#### [Problem description]
Please return the listing exactly as it stands, skipping any pictures.

#### [Given data]
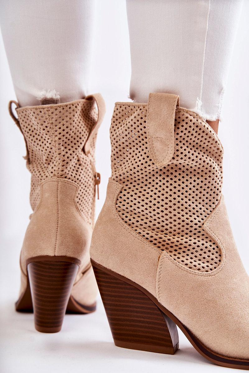 Dámské semišové prolamované boty Cowboy Béžove Eleonore
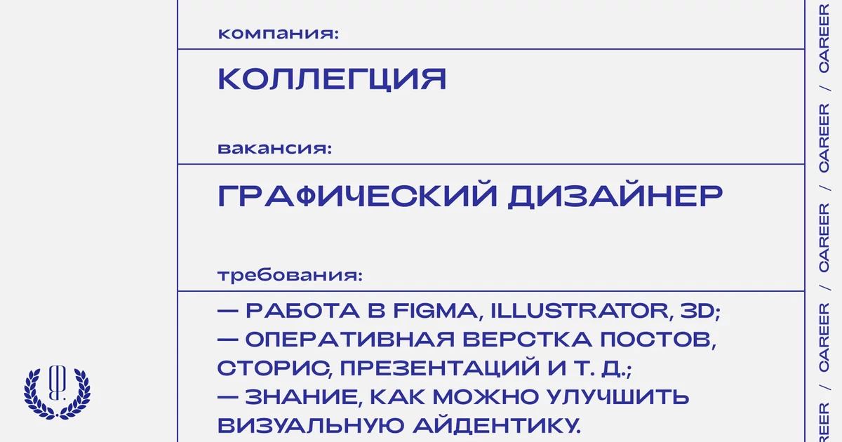 Откликнуться можно здесь (укажите, что вы «от The Blueprint»). К заявке прикрепите ссылку на портфолио, в котором: примеры роликов, спецпроектов, копирайтинга короткой формы (например, слоганы/заголовки/нейминг) и кампаний 360 или Big Idea.
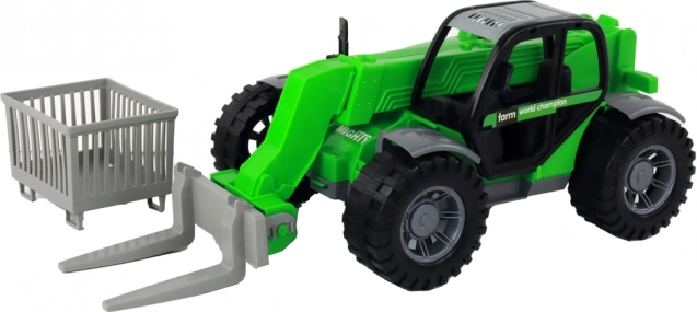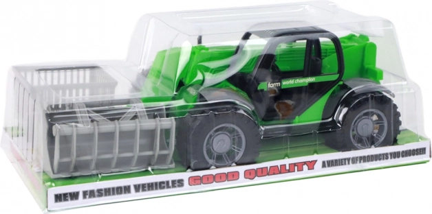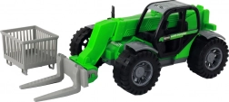 Pachetul include trei atașamente ușor de schimbat: furci pentru baloți și materiale, coș de transport și clește pentru lemn sau crengi. Mecanismul cu fricțiune permite punerea în mișcare simplă – doar împingeți și porniți. Joaca cu utilaje de construcții și agricole sprijină motricitatea fină, coordonarea și gândirea creativă.

#### [Output below]
 Dámské semišové prolamované boty Cowboy Béžove Eleonore
 Откликнуться можно здесь (укажите, что вы «от The Blueprint»). К заявке прикрепите ссылку на портфолио, в котором: примеры роликов, спецпроектов, копирайтинга короткой формы (например, слоганы/заголовки/нейминг) и кампаний 360 или Big Idea.
 Pachetul include trei atașamente ușor de schimbat: furci pentru baloți și materiale, coș de transport și clește pentru lemn sau crengi. Mecanismul cu fricțiune permite punerea în mișcare simplă – doar împingeți și porniți. Joaca cu utilaje de construcții și agricole sprijină motricitatea fină, coordonarea și gândirea creativă.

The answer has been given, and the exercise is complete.